Stored data
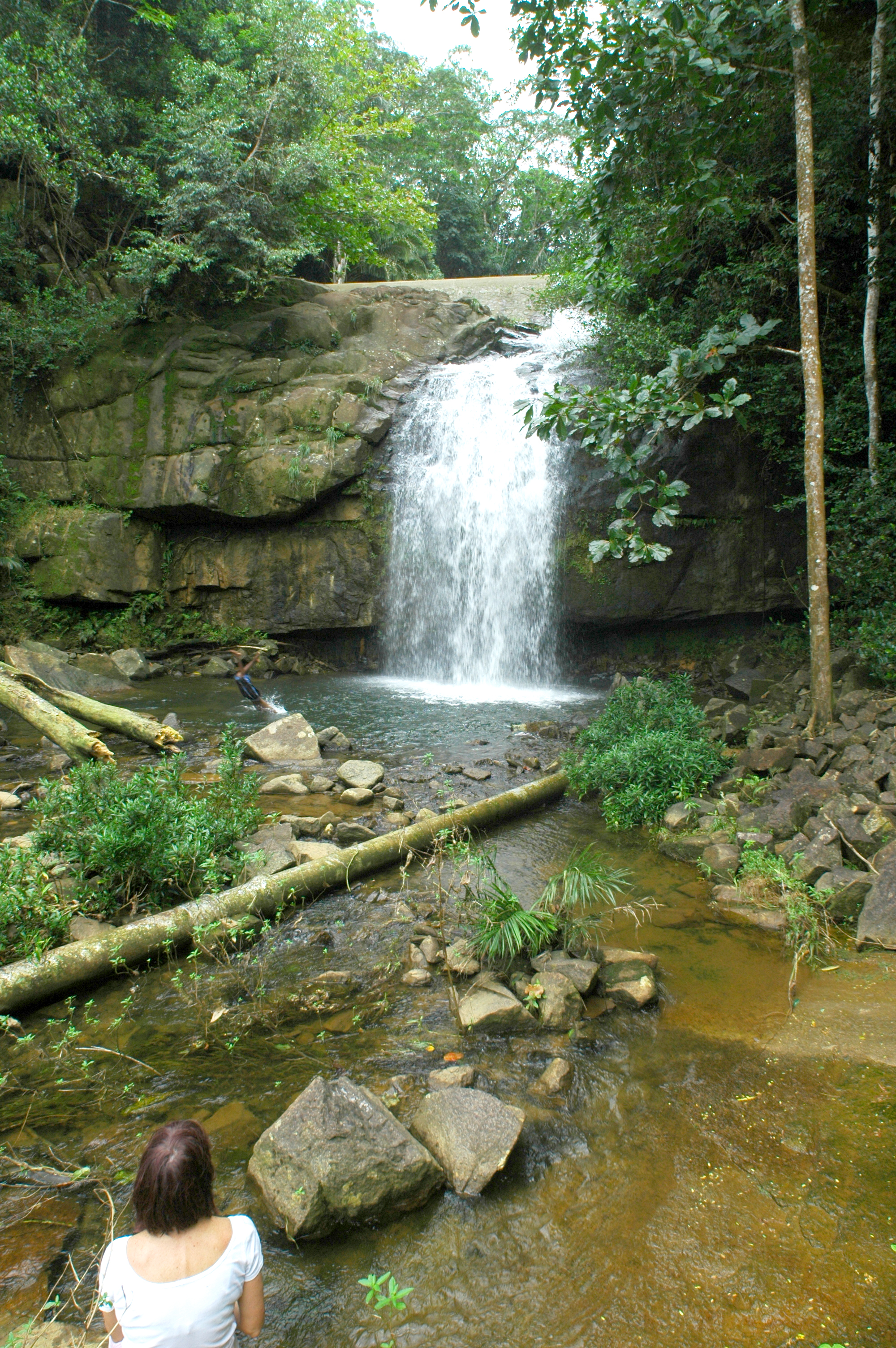 Wir hörten den Wasserfall und fragten einen Seychellois nach dem Weg zum Waterfall.
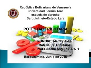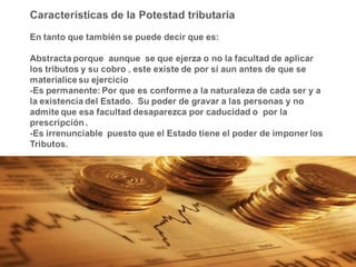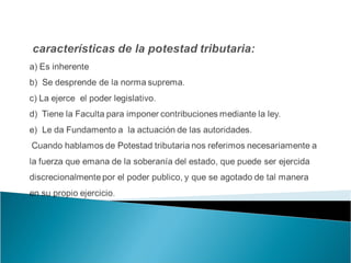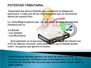 Este documento trata sobre la potestad tributaria del Estado. El Estado tiene la facultad de crear tributos con el fin de recaudar recursos para cubrir el gasto público. La potestad tributaria es la facultad del Estado de exigir el pago de tributos de acuerdo a su poder. Esta potestad puede ser originaria, establecida en la constitución para cada entidad territorial del Estado como la nación, estados y municipios, o puede ser derivada de normas subordinadas a leyes orgánicas y ordinarias para entes menores.
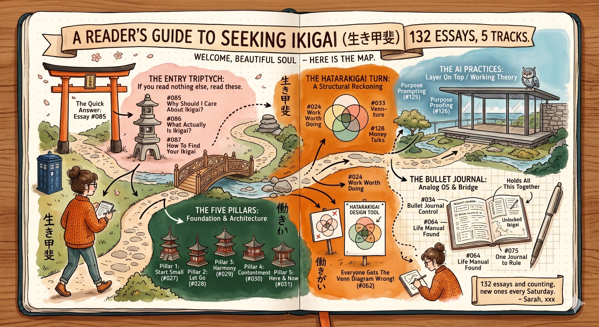 If Track 1 lands and you want the full architecture, this is where I walk through Ken Mogi’s five pillars of ikigai, one essay each. They were published as a series in spring 2024.

Work to be completed
What is needed is the whole listing again, exactly as written, with the images left out.

Answer to the problem
 Wir hörten den Wasserfall und fragten einen Seychellois nach dem Weg zum Waterfall.
 Este documento trata sobre la potestad tributaria del Estado. El Estado tiene la facultad de crear tributos con el fin de recaudar recursos para cubrir el gasto público. La potestad tributaria es la facultad del Estado de exigir el pago de tributos de acuerdo a su poder. Esta potestad puede ser originaria, establecida en la constitución para cada entidad territorial del Estado como la nación, estados y municipios, o puede ser derivada de normas subordinadas a leyes orgánicas y ordinarias para entes menores.
 If Track 1 lands and you want the full architecture, this is where I walk through Ken Mogi’s five pillars of ikigai, one essay each. They were published as a series in spring 2024.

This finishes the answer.